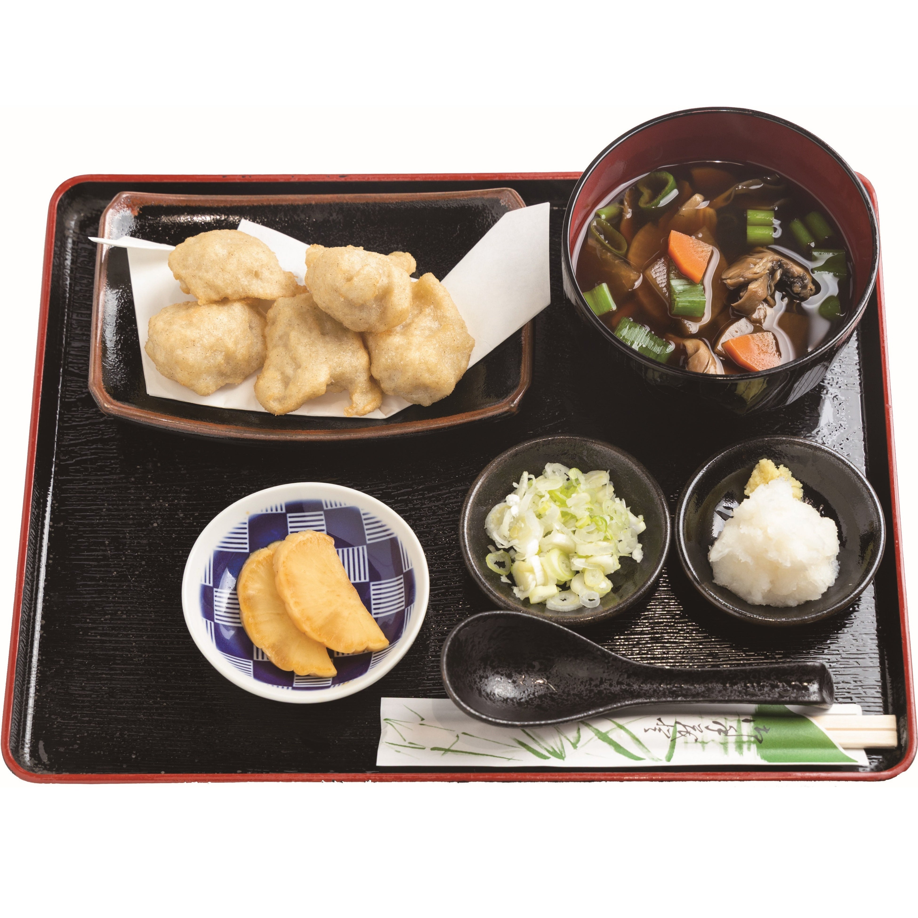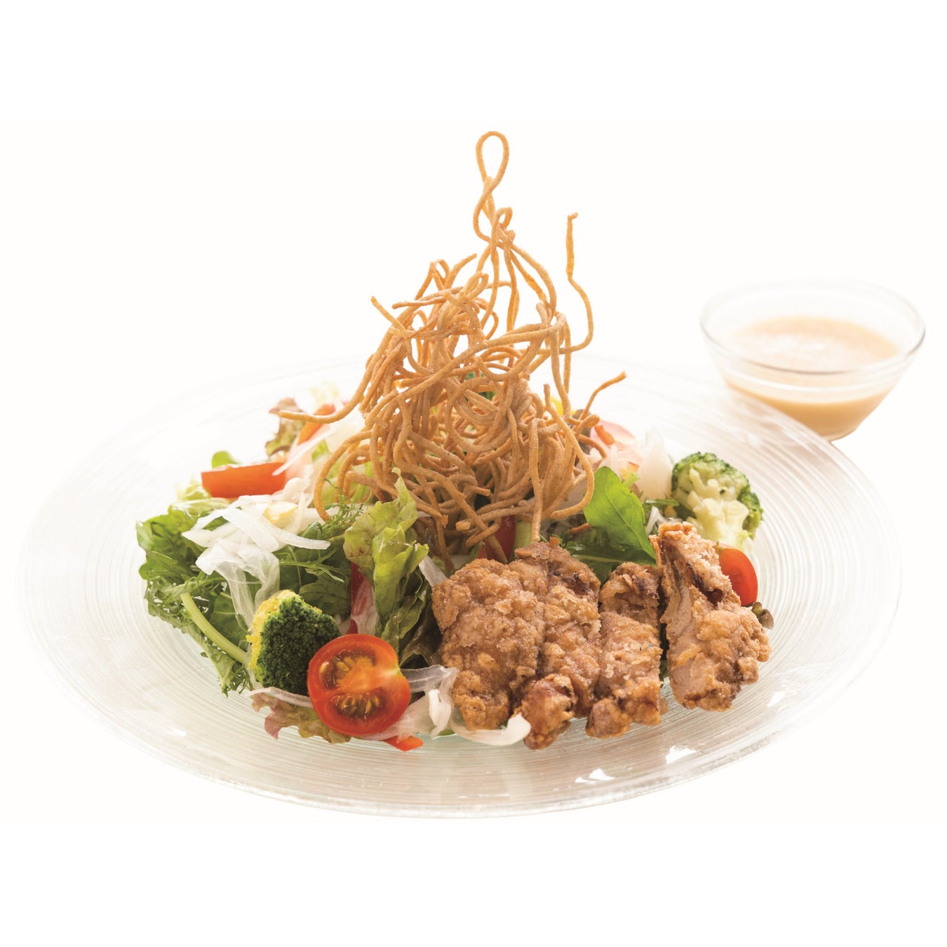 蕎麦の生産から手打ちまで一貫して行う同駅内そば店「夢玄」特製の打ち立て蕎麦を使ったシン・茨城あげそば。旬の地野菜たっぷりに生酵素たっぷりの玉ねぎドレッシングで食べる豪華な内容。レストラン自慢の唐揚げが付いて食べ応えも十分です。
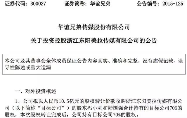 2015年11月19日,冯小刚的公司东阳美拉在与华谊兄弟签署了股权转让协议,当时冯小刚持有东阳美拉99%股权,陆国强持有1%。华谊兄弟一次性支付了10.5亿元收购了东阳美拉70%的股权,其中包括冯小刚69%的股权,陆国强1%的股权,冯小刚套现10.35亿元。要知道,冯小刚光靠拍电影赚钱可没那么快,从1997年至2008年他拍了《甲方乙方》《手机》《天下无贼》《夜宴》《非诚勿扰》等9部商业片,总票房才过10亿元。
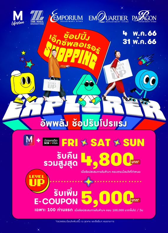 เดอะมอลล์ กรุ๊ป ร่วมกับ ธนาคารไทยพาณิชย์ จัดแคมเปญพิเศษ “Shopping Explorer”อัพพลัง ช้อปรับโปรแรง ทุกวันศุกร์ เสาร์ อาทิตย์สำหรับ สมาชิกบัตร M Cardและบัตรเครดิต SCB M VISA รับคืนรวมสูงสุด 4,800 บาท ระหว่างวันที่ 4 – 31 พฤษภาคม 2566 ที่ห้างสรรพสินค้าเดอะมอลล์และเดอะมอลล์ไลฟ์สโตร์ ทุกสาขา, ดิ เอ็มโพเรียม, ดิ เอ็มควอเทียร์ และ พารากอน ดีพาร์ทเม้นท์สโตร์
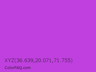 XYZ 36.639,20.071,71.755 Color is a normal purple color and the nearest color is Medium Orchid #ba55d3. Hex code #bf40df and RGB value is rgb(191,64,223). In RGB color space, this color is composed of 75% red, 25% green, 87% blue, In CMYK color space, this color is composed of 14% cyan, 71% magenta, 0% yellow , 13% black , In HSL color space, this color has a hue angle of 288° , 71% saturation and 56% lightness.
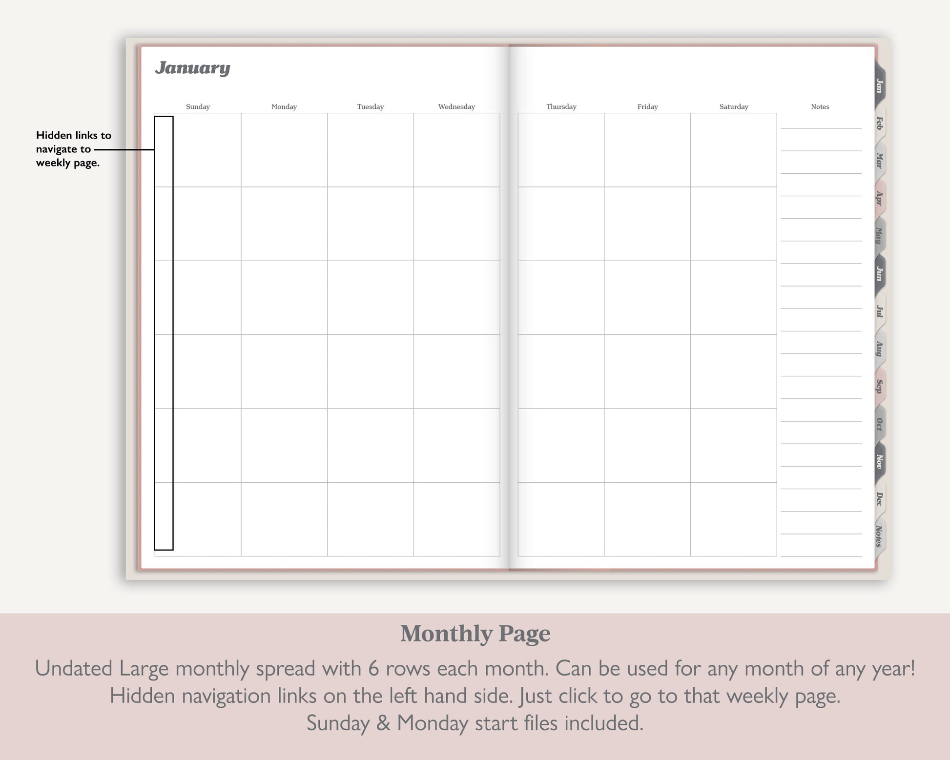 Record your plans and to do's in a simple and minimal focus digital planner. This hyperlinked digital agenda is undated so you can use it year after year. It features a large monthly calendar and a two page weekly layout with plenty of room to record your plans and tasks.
┄┄┄┄┄┄┄┄┄┄┄┄┄┄┄┄┄┄┄┄
Problem statement => Omitting all pictures, retype exactly the lines from the line containing "2015年11月19日,冯小" down to the last line above, both ends included.

Result =>
 2015年11月19日,冯小刚的公司东阳美拉在与华谊兄弟签署了股权转让协议,当时冯小刚持有东阳美拉99%股权,陆国强持有1%。华谊兄弟一次性支付了10.5亿元收购了东阳美拉70%的股权,其中包括冯小刚69%的股权,陆国强1%的股权,冯小刚套现10.35亿元。要知道,冯小刚光靠拍电影赚钱可没那么快,从1997年至2008年他拍了《甲方乙方》《手机》《天下无贼》《夜宴》《非诚勿扰》等9部商业片,总票房才过10亿元。
 เดอะมอลล์ กรุ๊ป ร่วมกับ ธนาคารไทยพาณิชย์ จัดแคมเปญพิเศษ “Shopping Explorer”อัพพลัง ช้อปรับโปรแรง ทุกวันศุกร์ เสาร์ อาทิตย์สำหรับ สมาชิกบัตร M Cardและบัตรเครดิต SCB M VISA รับคืนรวมสูงสุด 4,800 บาท ระหว่างวันที่ 4 – 31 พฤษภาคม 2566 ที่ห้างสรรพสินค้าเดอะมอลล์และเดอะมอลล์ไลฟ์สโตร์ ทุกสาขา, ดิ เอ็มโพเรียม, ดิ เอ็มควอเทียร์ และ พารากอน ดีพาร์ทเม้นท์สโตร์
 XYZ 36.639,20.071,71.755 Color is a normal purple color and the nearest color is Medium Orchid #ba55d3. Hex code #bf40df and RGB value is rgb(191,64,223). In RGB color space, this color is composed of 75% red, 25% green, 87% blue, In CMYK color space, this color is composed of 14% cyan, 71% magenta, 0% yellow , 13% black , In HSL color space, this color has a hue angle of 288° , 71% saturation and 56% lightness.
 Record your plans and to do's in a simple and minimal focus digital planner. This hyperlinked digital agenda is undated so you can use it year after year. It features a large monthly calendar and a two page weekly layout with plenty of room to record your plans and tasks.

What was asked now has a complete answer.